Rowan gave Mona the once-over and smiled. Like the car, her mother was in her festival finery, in her case the formal costume of the president of the Bayberry Island
Mermaid Society. Mona’s flowing blond wig was parted in the center and fell down her back. She wore shells on her boobs, sea glass drop earrings, and a spandex skirt of mother-of-pearl scales that hugged her hips, thighs, and legs. The skirt’s hem fanned out into a mermaid flipper that provided just enough ankle room for her to walk around like Morticia Addams. Unlike Morticia, however, Rowan’s mother wore a pair of coral-embellished flip-flops.

“Hi, Ma.” Rowan checked the B and B reservation list. “Two doubles and a quad—parents and two kids.”

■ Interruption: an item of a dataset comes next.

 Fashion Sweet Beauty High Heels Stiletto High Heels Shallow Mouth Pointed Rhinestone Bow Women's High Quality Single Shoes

“Will you put the family in the Seahorse Suite?”

“No. I’ve already got a family in there. I’m putting the new arrivals in the Dolphin Suite.”

Her mother approached the front desk, leaned in close, and whispered, “What’s the status of the commode?”

“I’m hoping it’ll get fixed before they check in.”

One of Mona’s eyebrows arched high, and she tapped a finger on the front desk. “You’d better do more than hope, my dear. The Safe Haven Bed-and-Breakfast has a reputation to uphold.”

Rowan held her tongue. Some might argue the establishment’s only reputation was that it had seen better days and was owned by the island’s first family of cray-cray.

“But why worry?” Mona waved an arm around dramatically, a move that caused one of her shells to shift slightly north of decent. “The evening ferry might not even make it here. Did you hear the forecast?”

This was a rhetorical question, Rowan suspected, but she could tell by the tone of her mother’s voice that the news wasn’t good. “Last I heard, it was just some rain.”

Mona shook her head, her blond tresses swinging. “Ten-foot swells. Wind gusts up to forty-five knots. Lightning. The coast guard’s already issued a small-craft advisory. And the island council is meeting with Clancy right now to decide if they should take down the outdoor festival decorations—a public safety concern, you know. We
wouldn’t want that giant starfish flying around the boardwalk like back in 1995. Nearly killed that poor man from Arkansas.”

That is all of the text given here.